Donnell Stewart, chief of risk management, briefed the finance committee on the Bureau of Risk Management’s function, claim volumes and projected costs. Stewart said the bureau purchases insurance, administers self-insurance, manages workers’ compensation and oversees subrogation for the city.
Stewart told the committee the city receives roughly 700 liability claims annually and displayed department-level claim breakdowns (police showed a higher liability total in FY24 owing to a fatal automobile incident). He said actuarial projections for FY26 indicate general liability costs up about 6%, liability up 4% and workers’ compensation costs up about 11%, driven largely by rising medical costs and higher workers’ compensation trends nationally.

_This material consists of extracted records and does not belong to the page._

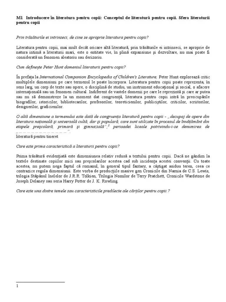 Literatura pentru copii este o componentă importantă a literaturii naţionale. 16.03.2007 · conceptul de literatura pentru copii (referat) 16 martie 2007, 18:54. Literatura pentru copii este un gen literar care se adresează unui anumit segment de vârstă, respectiv celor aflați la anii copilăriei sau ai adolescenței (de la 1 an până la 18 ani). Ca sfera de cuprindere a literaturii pentru copii. Literatură pentru copii note de curs conf.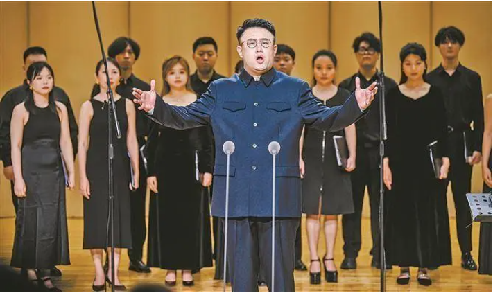 从“烽火诗篇”中战火年代的艺术呐喊,到“万众一心”的民族合唱;从“烽烟同歌”反法西斯同盟的国际回响,到“山河无恙”的当代传承,音乐会由四个篇章展开,让抗战精神在历史的回望与当代的传承中延续。卢骥凭借扎实的男中音功底与丰富的舞台掌控力,在不同风格作品中精准把控情绪张力,既能深沉内省,也能慷慨激昂。音乐会演出形式多元,合唱团与青年歌唱家、器乐演奏家的协同参与,丰富了舞台声响层次,柳琴、手风琴等乐器的加入,使音乐会在听觉层面有多维度的呈现。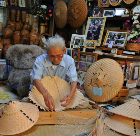 皆地笠(みなちがさ)を、長年、芝安雄さんが唯一の職人として守り続けてきました。
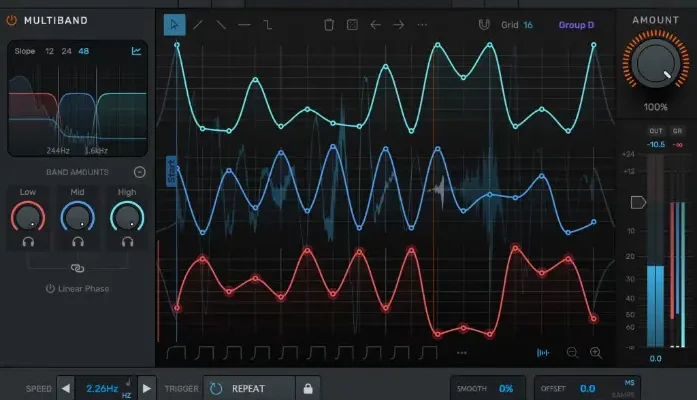 Run Duck in Repeat mode, or use sidechained audio or MIDI signals to trigger, with optional lookahead for glitch free audio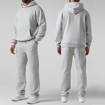Groothandel Custom Logo Oversized Franse Terry Oversized Elastische Taille Joggingbroek Casual Outfit Twee Stukken Mannen Trainingspak Hoodie Set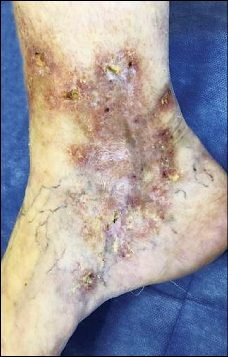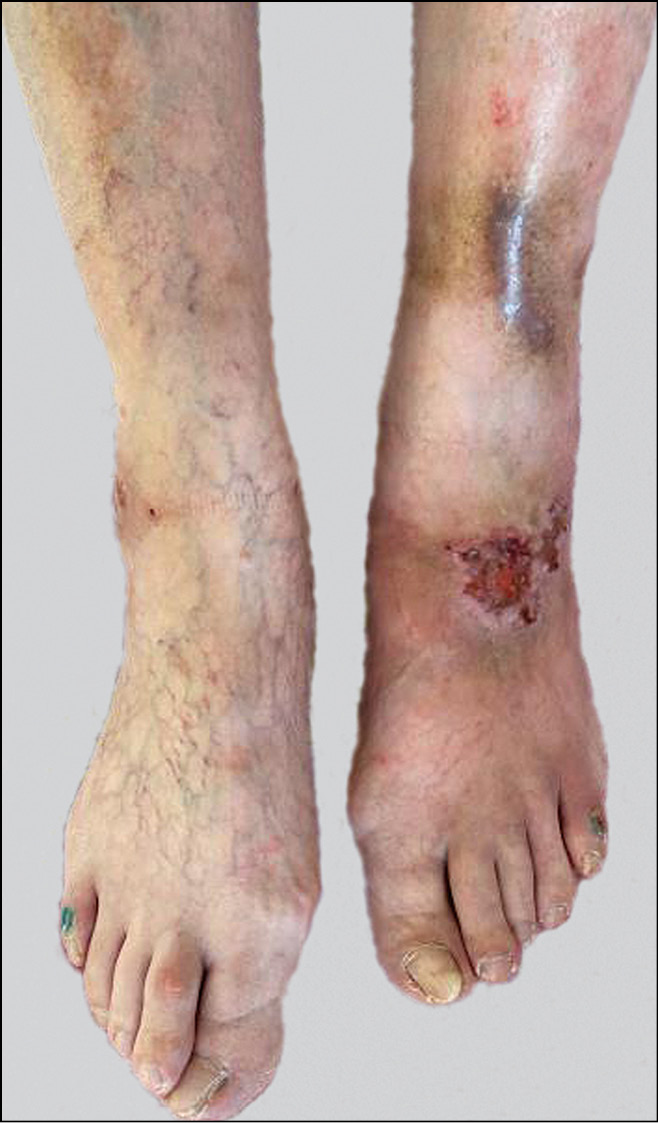 Рис. 11. Ливедо-ангиит с изъязвлением. Часто выявляют гиперкоагуляцию, связанную с мутациями факторов свертывания крови (факторы коагуляции FII, FV, FXIII).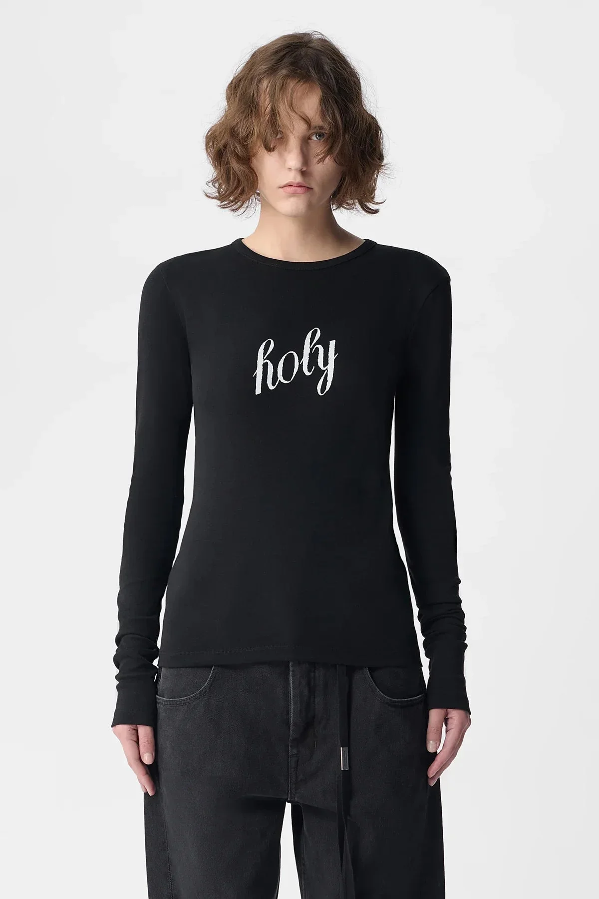 Fiene Printed Long Sleeve T-Shirt- Black - Cotton Jersey - Round Neck - Front Holy -Embroidery - Dropped Shoulders - Long Sleeves - 100% Cotton -Made in Portugal. The fit of this item is regular. Consider to purchase your usual size. Model wears italian size S Height: 176 cm Waist: 60 cm Hips 88 cm Care To maintain the beauty and integrity of your purchase, we recommend treating it with care. Simple maintenance practices, such as gentle washing and proper storage, can effectively preserve the longevity of your favorites. We encourage you to refer to the care instructions included with each item, designed to help you keep your purchase in top condition. Design Our dedication to excellence extends beyond materials; it encompasses the artistry and craftsmanship illustrated in every piece we create.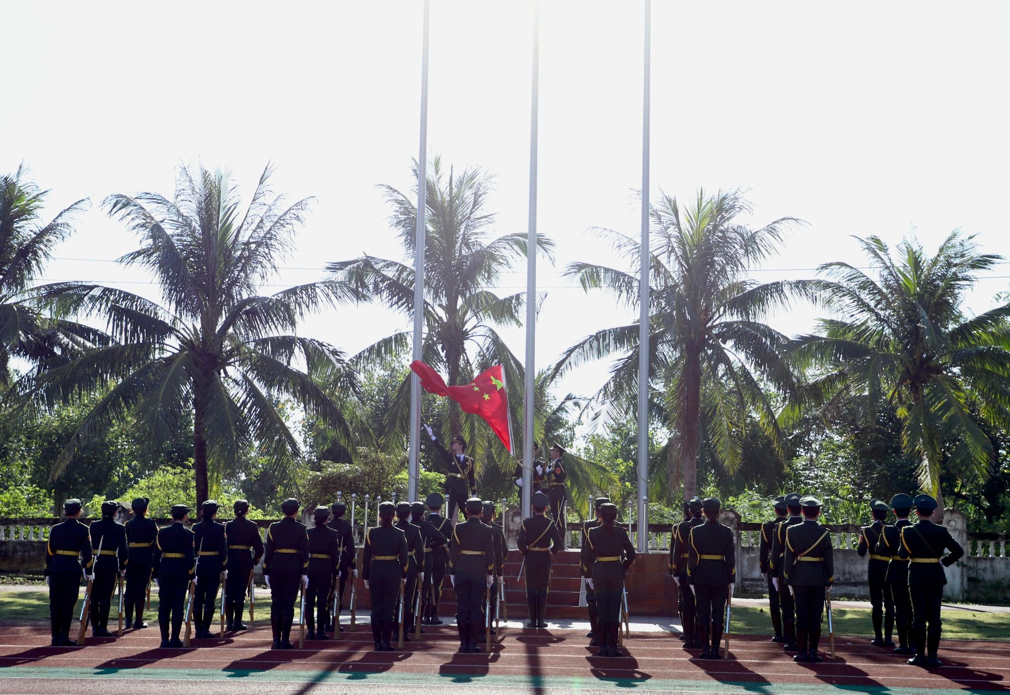伴随着庄严的国歌,五星红旗冉冉升起,大会正式拉开帷幕。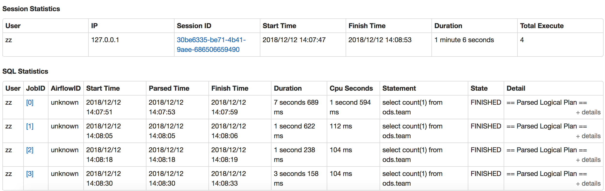 SparkSQL 需要收集 STS 上执行的 SQL 的审计信息,包括提交者执行的具体 SQL,开始结束时间,执行完成状态。原生 STS 会把这些信息通过事件的方式 post 到事件总线,监听者角色 (HiveThriftServer2Listener) 在事件总线上注册,订阅消费事件,但是这个监听者只负责 Spark UI 的 JDBC Tab 上的展示,我们改造了 SparkListener 类,将 session 以及执行的 sql statement 级别的消息也放到了总线上,监听者可以在总线上注册,以便消费这些审计信息,并且增加了一些我们感兴趣的维度,如使用的 cpu 资源,归属的工作流(airflowId)。同时,我们增加了一种新的完成状态 cancelled,以方便区分是用户主动取消的任务。
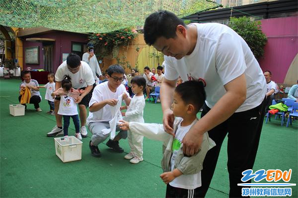 活动内容丰富,游戏环节妙趣横生。在“山洞探险队”中,爸爸们手脚着地搭建起曲折“山洞”,孩子们则鼓足勇气,爬行穿越并精准完成沙包投掷。这一过程中,勇敢无畏的精神在孩子心中扎根,父子、父女间的协作默契也悄然提升。“勇敢向前冲”将现场气氛推向高潮,爸爸与孩子紧密配合,依次完成跳圈与推车接力挑战。面对困难,孩子们在爸爸的鼓励下勇往直前,欢呼声、加油声此起彼伏。而“穿衣大作战”则考验着爸爸们的耐心与细心,赛场内,爸爸们手忙脚乱为宝宝找衣服、穿衣服,孩子们在一旁加油助威,欢声笑语不断,温馨场景令人动容。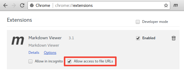 Allow access to file URLscheckbox is checked for the Markdown Viewer extension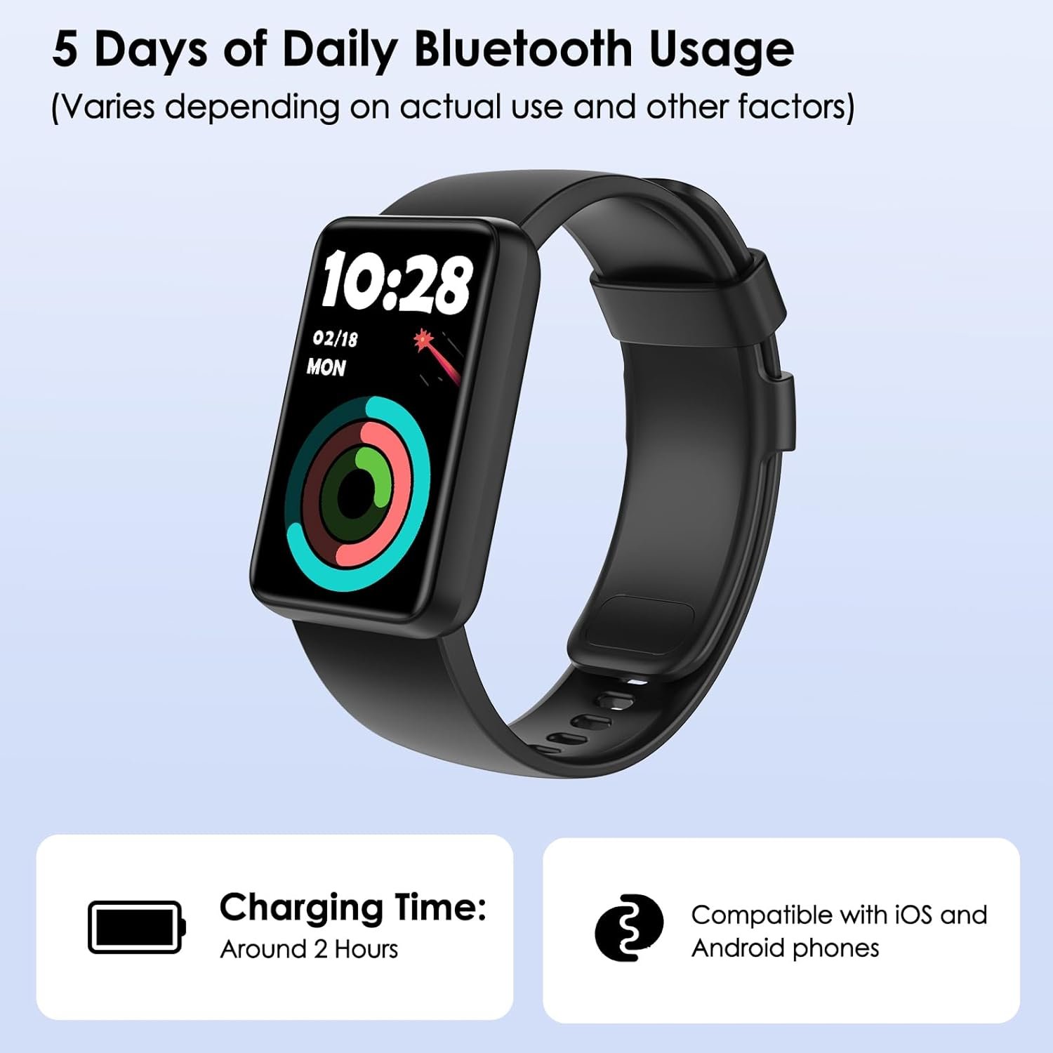 Long Battery Capacity & Battery Life: The 170mAh large battery capacity and low power consumption design offers longer endurance. This smart watch only requires 2.5 hours of charging and can be used for 5-7 days continuously. Note: Varies depending on actual use and other factors. 3ATM waterproof rating can withstand daily sweat, washing hands and rainy day, allowing you to fully enjoy your workouts

Stewart said firefighters’ workers’ compensation claims have grown because state law expanded presumptions for certain cancers.
Committee members asked for a more detailed analysis showing claim counts and paid-claim amounts by department and by claim type, and for recommendations on prevention measures, including steps to limit exposure that may drive firefighter cancer claims. Stewart said he would provide the requested department-level breakdown and additional detail and indicated he could deliver the material within about a week.
The committee also discussed risk-management involvement in contract review, indemnification clauses and forecasting; Stewart said the bureau uses third-party actuarial projections to estimate expected costs.
Ending: The committee requested a department-level breakdown of claims paid and received, recommendations to mitigate high-cost exposures, and more precise benchmarking vs. peer municipalities.